● TASK TO COMPLETE: Only one portion of the data is to be written out: from the line bearing "- Brew a cup" through the line bearing "[파이낸셜경제=김지훈 기자] 문경문화예술회관에서는". Write it exactly as it appears.

● EXERCISE DATA:
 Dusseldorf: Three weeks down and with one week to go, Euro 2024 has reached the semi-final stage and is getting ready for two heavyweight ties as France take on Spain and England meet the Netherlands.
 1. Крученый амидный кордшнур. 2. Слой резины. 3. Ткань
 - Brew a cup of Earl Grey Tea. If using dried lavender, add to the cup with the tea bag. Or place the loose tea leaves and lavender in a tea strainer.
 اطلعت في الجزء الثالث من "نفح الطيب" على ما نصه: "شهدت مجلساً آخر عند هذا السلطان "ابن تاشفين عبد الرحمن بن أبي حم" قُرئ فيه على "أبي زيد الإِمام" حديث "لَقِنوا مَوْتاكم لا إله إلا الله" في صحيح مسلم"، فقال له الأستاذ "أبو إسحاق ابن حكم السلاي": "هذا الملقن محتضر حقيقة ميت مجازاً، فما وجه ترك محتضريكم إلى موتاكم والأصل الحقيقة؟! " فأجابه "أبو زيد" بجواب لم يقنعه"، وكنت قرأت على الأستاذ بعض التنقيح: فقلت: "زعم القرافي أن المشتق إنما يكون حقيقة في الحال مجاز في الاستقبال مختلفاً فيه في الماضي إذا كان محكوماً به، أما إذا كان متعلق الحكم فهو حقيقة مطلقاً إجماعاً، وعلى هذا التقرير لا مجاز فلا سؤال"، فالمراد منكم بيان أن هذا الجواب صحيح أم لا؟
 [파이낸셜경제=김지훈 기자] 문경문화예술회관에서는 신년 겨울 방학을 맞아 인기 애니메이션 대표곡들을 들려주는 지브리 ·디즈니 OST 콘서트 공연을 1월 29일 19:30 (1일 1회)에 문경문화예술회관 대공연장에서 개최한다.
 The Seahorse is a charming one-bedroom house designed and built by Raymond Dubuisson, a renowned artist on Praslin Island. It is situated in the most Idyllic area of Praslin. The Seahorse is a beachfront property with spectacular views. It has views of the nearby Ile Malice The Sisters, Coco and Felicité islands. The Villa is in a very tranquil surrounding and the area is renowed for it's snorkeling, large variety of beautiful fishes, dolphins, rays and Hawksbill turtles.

---

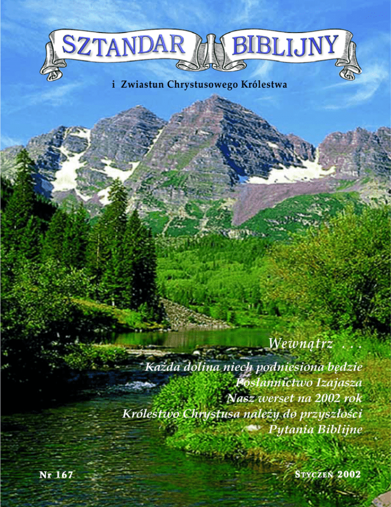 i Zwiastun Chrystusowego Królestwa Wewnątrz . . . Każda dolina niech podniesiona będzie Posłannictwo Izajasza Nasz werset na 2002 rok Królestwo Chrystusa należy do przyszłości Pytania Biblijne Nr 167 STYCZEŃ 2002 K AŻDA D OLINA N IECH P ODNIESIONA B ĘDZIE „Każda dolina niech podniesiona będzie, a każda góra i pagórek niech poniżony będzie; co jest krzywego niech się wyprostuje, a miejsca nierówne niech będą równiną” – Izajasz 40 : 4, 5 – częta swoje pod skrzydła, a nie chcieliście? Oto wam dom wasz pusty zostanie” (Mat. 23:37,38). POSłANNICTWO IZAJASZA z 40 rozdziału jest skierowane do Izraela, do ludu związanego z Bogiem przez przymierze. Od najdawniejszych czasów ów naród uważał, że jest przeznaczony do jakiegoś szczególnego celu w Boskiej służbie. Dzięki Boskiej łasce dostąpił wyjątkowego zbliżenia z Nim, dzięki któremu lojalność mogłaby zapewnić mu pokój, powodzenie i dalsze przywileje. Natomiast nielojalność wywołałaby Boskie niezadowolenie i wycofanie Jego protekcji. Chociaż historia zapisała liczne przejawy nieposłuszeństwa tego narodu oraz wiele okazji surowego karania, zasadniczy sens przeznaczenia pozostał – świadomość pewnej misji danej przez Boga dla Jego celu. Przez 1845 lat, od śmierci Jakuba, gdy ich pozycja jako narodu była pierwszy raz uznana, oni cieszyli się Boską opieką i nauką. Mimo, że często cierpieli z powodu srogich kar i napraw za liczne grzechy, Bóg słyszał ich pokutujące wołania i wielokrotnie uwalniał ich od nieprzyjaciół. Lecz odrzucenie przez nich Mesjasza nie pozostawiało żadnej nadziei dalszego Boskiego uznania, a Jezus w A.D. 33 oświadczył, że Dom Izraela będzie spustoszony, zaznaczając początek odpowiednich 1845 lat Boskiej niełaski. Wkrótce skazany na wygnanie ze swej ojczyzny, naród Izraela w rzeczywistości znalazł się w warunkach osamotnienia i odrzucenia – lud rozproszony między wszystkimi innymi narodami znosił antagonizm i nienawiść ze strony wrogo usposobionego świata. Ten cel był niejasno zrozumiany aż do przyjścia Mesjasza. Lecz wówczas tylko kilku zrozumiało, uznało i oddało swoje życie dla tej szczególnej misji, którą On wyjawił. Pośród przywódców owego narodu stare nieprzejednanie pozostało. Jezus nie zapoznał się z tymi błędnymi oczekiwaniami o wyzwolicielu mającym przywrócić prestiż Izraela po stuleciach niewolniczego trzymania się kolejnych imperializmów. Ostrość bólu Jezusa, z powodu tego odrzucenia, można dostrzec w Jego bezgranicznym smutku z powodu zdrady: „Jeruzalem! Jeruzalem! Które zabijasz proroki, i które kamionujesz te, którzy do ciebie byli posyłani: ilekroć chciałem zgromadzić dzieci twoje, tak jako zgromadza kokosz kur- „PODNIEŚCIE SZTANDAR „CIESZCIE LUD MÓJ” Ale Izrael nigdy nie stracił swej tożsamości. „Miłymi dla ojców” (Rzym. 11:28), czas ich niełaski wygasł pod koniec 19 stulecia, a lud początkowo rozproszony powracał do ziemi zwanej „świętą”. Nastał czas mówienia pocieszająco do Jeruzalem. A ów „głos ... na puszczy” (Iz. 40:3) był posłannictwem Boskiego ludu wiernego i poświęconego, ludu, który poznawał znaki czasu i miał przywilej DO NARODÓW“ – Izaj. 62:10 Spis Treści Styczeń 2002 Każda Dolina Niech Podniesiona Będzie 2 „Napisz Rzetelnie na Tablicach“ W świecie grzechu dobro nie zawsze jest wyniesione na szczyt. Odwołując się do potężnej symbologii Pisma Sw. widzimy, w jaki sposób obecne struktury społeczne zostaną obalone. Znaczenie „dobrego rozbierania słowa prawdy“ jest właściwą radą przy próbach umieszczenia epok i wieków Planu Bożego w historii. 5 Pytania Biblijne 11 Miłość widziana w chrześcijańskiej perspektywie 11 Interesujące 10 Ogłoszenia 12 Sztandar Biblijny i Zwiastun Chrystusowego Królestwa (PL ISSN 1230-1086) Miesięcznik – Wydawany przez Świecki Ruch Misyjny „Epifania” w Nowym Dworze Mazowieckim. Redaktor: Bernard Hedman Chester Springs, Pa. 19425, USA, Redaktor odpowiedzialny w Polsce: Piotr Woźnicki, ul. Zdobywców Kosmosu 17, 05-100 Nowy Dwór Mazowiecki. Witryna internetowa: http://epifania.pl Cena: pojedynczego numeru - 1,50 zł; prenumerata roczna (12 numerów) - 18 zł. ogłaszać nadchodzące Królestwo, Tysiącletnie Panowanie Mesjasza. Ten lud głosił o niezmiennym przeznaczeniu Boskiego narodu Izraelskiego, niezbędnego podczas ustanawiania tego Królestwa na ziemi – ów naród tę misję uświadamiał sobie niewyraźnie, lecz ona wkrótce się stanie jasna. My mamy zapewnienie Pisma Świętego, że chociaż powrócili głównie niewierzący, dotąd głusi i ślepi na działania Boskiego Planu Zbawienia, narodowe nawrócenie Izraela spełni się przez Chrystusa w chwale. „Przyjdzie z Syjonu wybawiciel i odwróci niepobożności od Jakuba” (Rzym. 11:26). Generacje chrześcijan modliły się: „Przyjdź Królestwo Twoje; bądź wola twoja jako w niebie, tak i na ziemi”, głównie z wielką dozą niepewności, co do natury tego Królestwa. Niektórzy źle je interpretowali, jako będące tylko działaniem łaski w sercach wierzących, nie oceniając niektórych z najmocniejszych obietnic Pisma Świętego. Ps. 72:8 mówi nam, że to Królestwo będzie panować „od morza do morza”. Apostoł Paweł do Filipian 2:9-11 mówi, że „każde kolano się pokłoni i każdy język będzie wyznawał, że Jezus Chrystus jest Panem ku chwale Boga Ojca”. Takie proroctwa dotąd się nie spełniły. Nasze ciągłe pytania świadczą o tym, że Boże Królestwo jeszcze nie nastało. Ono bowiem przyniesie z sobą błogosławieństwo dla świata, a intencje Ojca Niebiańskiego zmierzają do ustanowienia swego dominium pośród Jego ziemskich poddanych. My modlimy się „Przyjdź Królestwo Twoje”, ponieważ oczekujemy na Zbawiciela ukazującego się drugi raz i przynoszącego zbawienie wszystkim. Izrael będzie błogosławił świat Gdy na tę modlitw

--

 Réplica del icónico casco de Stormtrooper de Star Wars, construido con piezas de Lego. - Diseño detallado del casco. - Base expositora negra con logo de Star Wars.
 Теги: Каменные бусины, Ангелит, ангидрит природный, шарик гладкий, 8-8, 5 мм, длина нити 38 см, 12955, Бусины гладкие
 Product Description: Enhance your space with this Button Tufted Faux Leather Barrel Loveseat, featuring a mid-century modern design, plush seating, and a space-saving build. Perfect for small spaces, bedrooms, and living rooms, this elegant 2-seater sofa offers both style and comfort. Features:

● TASK ANSWER:
 - Brew a cup of Earl Grey Tea. If using dried lavender, add to the cup with the tea bag. Or place the loose tea leaves and lavender in a tea strainer.
 اطلعت في الجزء الثالث من "نفح الطيب" على ما نصه: "شهدت مجلساً آخر عند هذا السلطان "ابن تاشفين عبد الرحمن بن أبي حم" قُرئ فيه على "أبي زيد الإِمام" حديث "لَقِنوا مَوْتاكم لا إله إلا الله" في صحيح مسلم"، فقال له الأستاذ "أبو إسحاق ابن حكم السلاي": "هذا الملقن محتضر حقيقة ميت مجازاً، فما وجه ترك محتضريكم إلى موتاكم والأصل الحقيقة؟! " فأجابه "أبو زيد" بجواب لم يقنعه"، وكنت قرأت على الأستاذ بعض التنقيح: فقلت: "زعم القرافي أن المشتق إنما يكون حقيقة في الحال مجاز في الاستقبال مختلفاً فيه في الماضي إذا كان محكوماً به، أما إذا كان متعلق الحكم فهو حقيقة مطلقاً إجماعاً، وعلى هذا التقرير لا مجاز فلا سؤال"، فالمراد منكم بيان أن هذا الجواب صحيح أم لا؟
 [파이낸셜경제=김지훈 기자] 문경문화예술회관에서는 신년 겨울 방학을 맞아 인기 애니메이션 대표곡들을 들려주는 지브리 ·디즈니 OST 콘서트 공연을 1월 29일 19:30 (1일 1회)에 문경문화예술회관 대공연장에서 개최한다.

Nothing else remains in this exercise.